「民間の娘が皇室でやっていけるものなのか」
――8月31日に母冨美さんと1時間話したときに、そうしたことを聞き出したのですか。
佐伯 「小泉さんによる申し込み」の話は教えてくれなかった。ただ、「噂を含めて」ということで美智子さんがお妃選びの渦中にいることは間違いないと認め、外遊の意味が「娘がもみくちゃにされる」ことを避ける意味がある、という話はしていた。
冨美さんは、宮内庁の本気度というか、お妃選びの情勢を知りたがっていた。こっちは当時、暗中模索の取材で、実は外形的な選考首脳の会合はキャッチしていたが、その中身はさっぱり分からないという段階だったのだけど、もっともらしい解説をしながら話をしていた。
この8月末の時点では、まだギブ・アンド・テークではなく、冨美さんの質問にほぼ一方的にこちらがギブする、という感じだった。冨美さんとの距離がぐっと近くなったと感じたのは、次に冨美さんと正田邸で会う9月18日のことだ。数日前に約束をもらった。
――何があったのですか。
佐伯 9月18日の午後1時ごろかな、正田邸へ行って冨美さんと話し始めて30分もしないうちに電話が入ってきて客が来ることになった、という。ぼくは「それでは失礼します」と帰ろうとすると、冨美さんは「いいの、いいの。ほどなく終わるから待っていて」と引き留めた。長い廊下伝いに応接室の奧の方の6畳和室にお手伝いさんに案内された。どうも冨美さんの様子が変だったのが気になった。
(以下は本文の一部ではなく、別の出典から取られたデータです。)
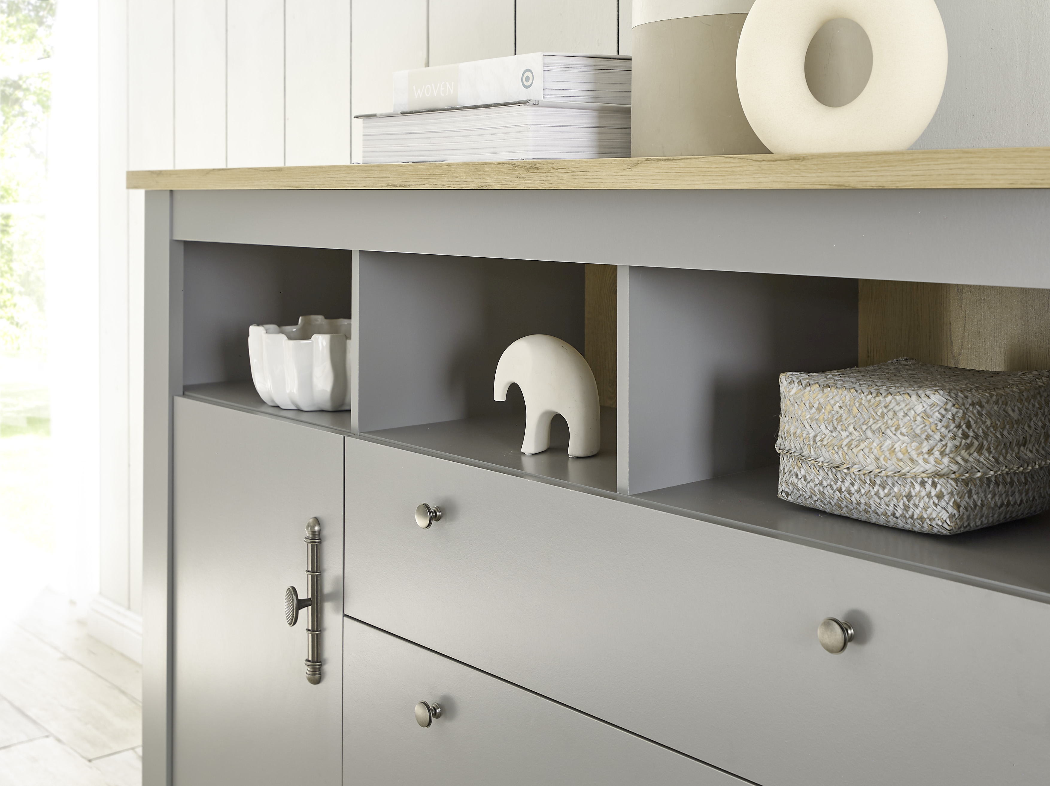 | Ausstattung Kommoden Phono Büro Regal: | Offene Fächer, Schublade(n), Türe(n) | ||
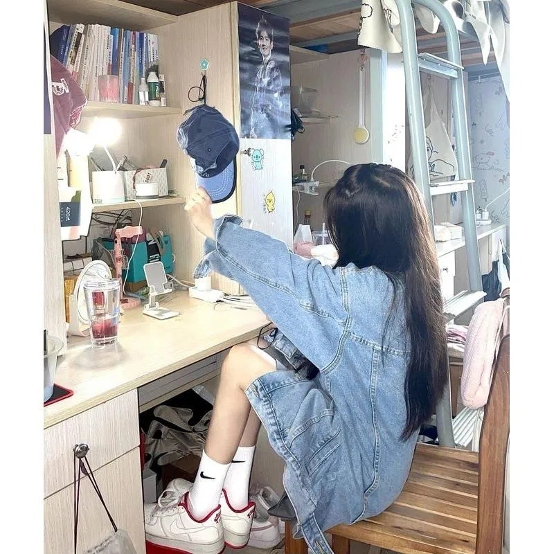Áo khoác denim mùa hè lưới nữ áo khoác denim đỏ mùa xuân và mùa thu học sinh phiên bản Hàn Quốc áo khoác thiết kế rời hàng đầu

1時間ほど待たされた後、お手伝いさんが呼びにきて応接室に戻ると、冨美さんの様子が一層変わっていて、「民間の娘が皇室に入ってやっていけるものなのだろうか」と、そのものズバリでぼくに相談してきた。「おおっと、これはいよいよ選考首脳側から働きかけがあったな」と分かる反応だ。冨美さんは具体的な説明はしないのだけど、認めたようなものだ。